Rzeczniczka szpitala pomija fakt, że lecznica poinformowała policję dopiero o godzinie 8.45 w sobotę. Według relacji rodziny pana Bogusława dopiero po ich sygnale, że 93-latek nie dotarł do domu.
O tym informuje za to Joanna Leszczyńska, rzecznik radomskiej policji. W jej stanowisku czytamy również: "Po otrzymaniu tej informacji dyżurny do miejsca zamieszkania mężczyzny wysłał policyjny patrol, by sprawdził, czy mężczyzna wrócił do domu. Sprawdzono również teren przy szpitalu na ulicy Aleksandrowicza oraz przy posesji mężczyzny. O zaginięciu powiadomione zostały patrole na terenie miasta. Sprawdzono także placówki medyczne. Zaangażowano w poszukiwania kilkudziesięciu policjantów".
237 policjantów pilnuje pustego stadionu
Fakty te nie zgadzają się z relacją rodziny pana Bogusława. Wątpliwości ma również kierownictwo polskiej policji. Z informacji tvn24.pl wynika, że dokumentacja sprawy trafiła już do Komendy Głównej Policji, wszczęto też postępowanie dyscyplinarne.
Ważnym elementem tego postępowania będzie wyjaśnienie, dlaczego I zastępca Komendanta Miejskiego Policji w Radomiu nie użył do szukania pana Bogusława policjantów, którzy tego dnia pilnowali meczu Radomiaka, rozgrywanego w sobotę bez udziału kibiców. 237 funkcjonariuszy pilnowało pustego stadionu i okolic, w czasie gdy pan Bogusław leżał w rowie, 100 metrów od szpitala.
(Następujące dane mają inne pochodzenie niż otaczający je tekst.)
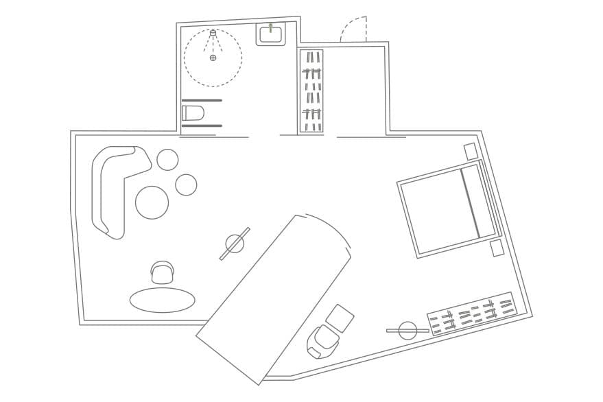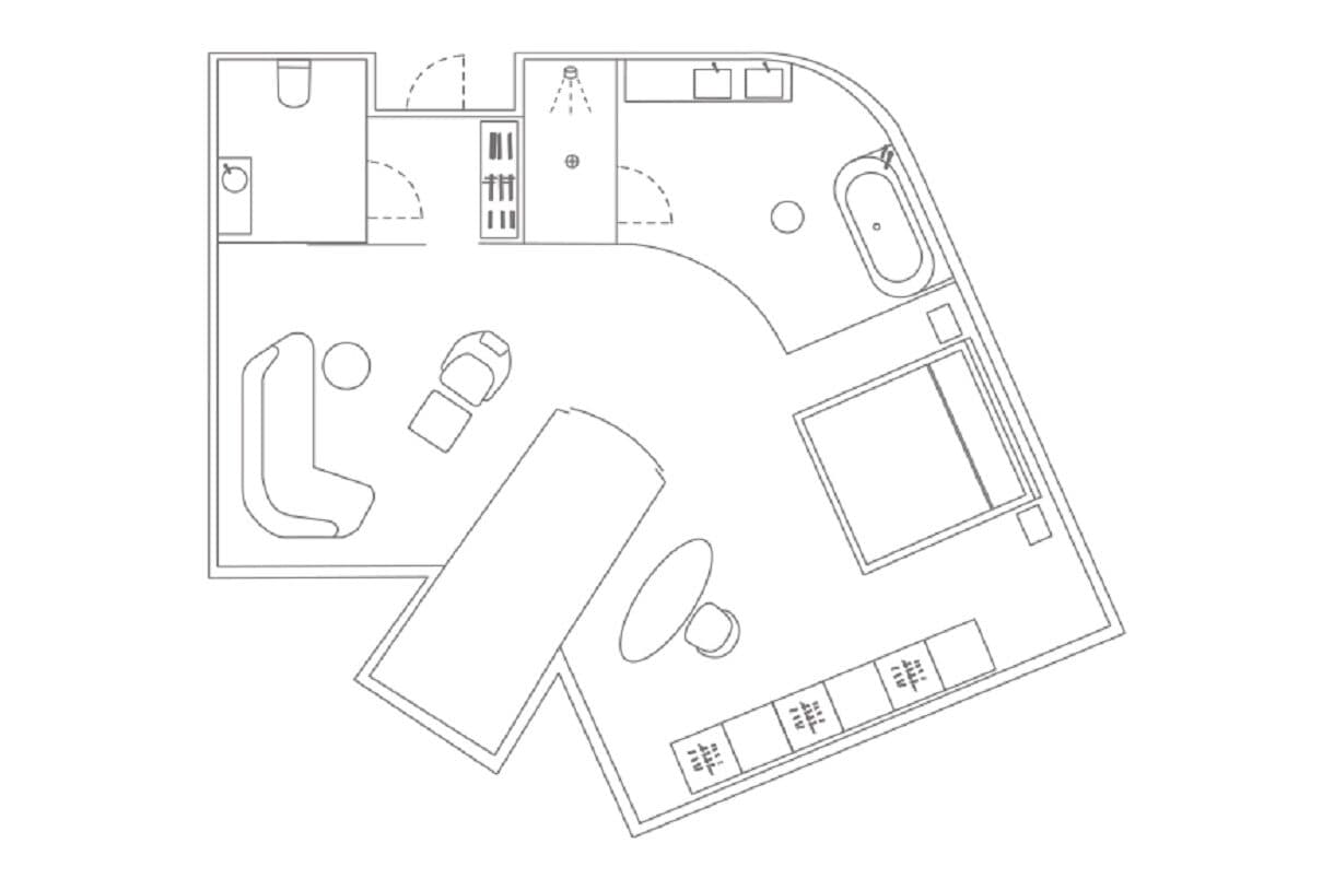 54 m² großes Doppelzimmer mit Loggia und optionalem Meerblick, offener Wohn- und Schlafbereich, hochwertige Couch, innovative FreshBed-Technologie*, gesundheitsförderndes Lichtkonzept*, große Couch, Schreibtisch, Bad mit Badewanne und Dusche, separates WC, Ecklage, Parkett, Elektrosmog-Freischaltung/keine Klimaanlage, freier WLAN-Internetzugang, 55“-TV, Smart-TV, Safe.

Jak poinformowała nas Joanna Leszczyńska, zabezpieczenie "przebiegło spokojnie, bez incydentów".
O tym, że policja dopiero w niedzielę poważnie potraktowała sprawę zaginięcia pana Bogusława, świadczy informacja, którą otrzymaliśmy od rzecznika Wojsk Obrony Terytorialnej. Pułkownik Marek Pietrzak poinformował nas, że dopiero w niedzielę o godzinie 11 policjanci poprosili żołnierzy WOT o pomoc w poszukiwaniu starszego mężczyzny. Pół godziny później odwołali akcję, bo pan Bogusław został odnaleziony.
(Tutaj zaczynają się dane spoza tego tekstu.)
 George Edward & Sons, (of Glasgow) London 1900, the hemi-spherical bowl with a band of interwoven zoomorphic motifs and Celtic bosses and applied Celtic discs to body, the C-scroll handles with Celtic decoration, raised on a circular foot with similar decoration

Czy szpital lub policja przeprosili rodzinę pana Bogusława, który zmarł w poniedziałek nad ranem? - Ze szpitala do dziś nikt nawet nie zadzwonił i nie powiedział, że ojciec umarł. Sąsiadka ojca jest pielęgniarką, zadzwoniła do kogoś z naszej rodziny i poinformowała, że ojciec nie żyje - mówi syn pana Bogusława. - A policja dzwoniła i pytała, jaki jest stan ojca. Powiedziałem, że zmarł. I tyle.